Future Schlock

The Pygmy Owl Might Just Lead Amphi To A Championship In 2003.

A BRIEF CHRONOLOGY as to how the Amphi Panther football team came to win the 2003 5A state championship game by the score of 84-0.

December 1997: Amphi High, with a 35-man squad, loses a heartbreaking 28-24 decision to Mesa Mountain View in the Class 5A state finals at ASU. It's a match-up of the largest school in the state (Mt. View has 4,000 students in three grades) and the smallest public school in the 5A division (Amphi hovers around 1,750).

(A few 5A Catholic schools have fewer students than Amphi, but, not bound by recruitment rules, they can basically go out and buy ballplayers, so their enrollment figures are misleading.)

Amphi Coach Vern Friedli, when asked about the enrollment disparity, shrugs, "Hey, it might be nice to have 4,000 kids but as long as I get 30 kids who play as hard as my kids played tonight, I'll be happy."

June 1998: Concerned about the fate of a pygmy owl that nests near Amphi property, environmental activists find a federal judge who grants them an injunction stopping school construction.

July 1999: After much turmoil, the Amphi School Board decides to build the school elsewhere. They settle on two possible sites: one way the heck up there in Catalina and the other in Oro Valley. In a move that is far more self-serving than altruistic, the Town of Oro Valley offers to kick in $1.5 million to help buy the land for the Oro Valley location.

Later in July 1999: A screaming bunch of NIMBY idiots shows up to the school board meeting to protest the Oro Valley site, claiming that a school will cause (gasp!) traffic.

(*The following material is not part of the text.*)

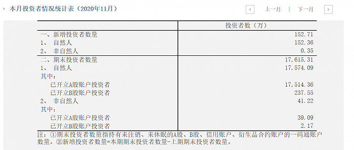 截至11月末,期末投资者数总计17615.31万,同比增长10.83%。今年以来,累计新增投资者已达到1639.92万。

The Chief Idiot claims that the area is full of unexplored archaeological sites. He cites one in particular which he says contains the well-preserved fossilized remains of several people in some sort of ritual around an ancient cistern.

It later turns out to have been Gladys Nussbaum, formerly of Bayonne, New Jersey, hosting a pool party for some friends at Sun City Vistoso.

August 1999: Canyon Del Oro High School opens the school year severely overcrowded. Built for 2,400 students, it's now well over 3000.

September 1999: The Chief Idiot gets another judge to grant an injunction halting construction until the archaeological sites can be explored.

April 2000: When no archaeological sites can be identified, the Chief Idiot sues to force the Amphi District to hire experts to find some. Explains the Idiot: "I just know they're out there somewhere. But I'm not an archaeologist; I have a master's in French literature. And since I'm unemployed, I can't afford to keep looking. The district owes it to those kids not to build a school where there might be an arrowhead or something."

August 2000: The overcrowding at CDO forces the Board to shift the boundary line between Amphi and CDO northward from Orange Grove to Ina. A self-proclaimed Christian who lives in the affected area sues the Board because she doesn't want her kids to have to go to Amphi High where they will be forced to "associate with the Spanish and those dreadful Negroes."

August 2001: The line is again shifted northward, this time to Magee. CDO freshmen students are attending classes in a tent city set up at Dennis Weaver Park, while Amphi High is starting to show signs of overcrowding. Parents at both schools sue.

November 2001: The Board announces it will build the new school on the Catalina site. A group of Oro Valley parents file a lawsuit, claiming it's just not fair for upper-middle-class kids to have to ride in a bus.

Pundits now refer to the district as AM-FI, which stands for "Another Mother-F***in' Injunction!"

June 2002: The Board says the line this coming school year will be Calle Concordia, meaning that kids living across the street from CDO will be bused to Amphi.

August 2002: Within weeks, the entire Amphi School Board has been recalled and replaced with angry Oro Valley white folk. The newly redrawn CDO attendance area looks like it was gerrymandered by a California Democrat. An attendance cap of 2,200 is set at CDO. All others outside the donut hole, including those who live near the Pinal County line to the north and Marana to the west, will be bused to Amphi High, which is forced to go on double session. Lawsuits fly and transportation costs increase tenfold.

January 2003: All efforts to build a new high school are dropped by the Board when it becomes public that 37 percent of the district's budget is going to fight lawsuits. Amphi High's enrollment passes the 5,000 mark. The former Amphi Middle School has been commandeered and is serving as a freshman campus.

December 2003: Amphi High wins its second-straight state 5A football championship. It marks the 22nd straight trip to the state playoffs for the once-undermanned Panthers and the 22nd 5A-South crown in Coach Friedli's 27 years at the school.

In the finals, Amphi beats Mesa Mt. View, 84-0, with all 98 members of the Panther squad seeing playing time. The next day in the Arizona Republic, angry Mt. View fans complain, "It's not fair. They have more students than we do."

Then the Mt. View Booster Club takes the only course of action available to them: they sue the Amphi School Board.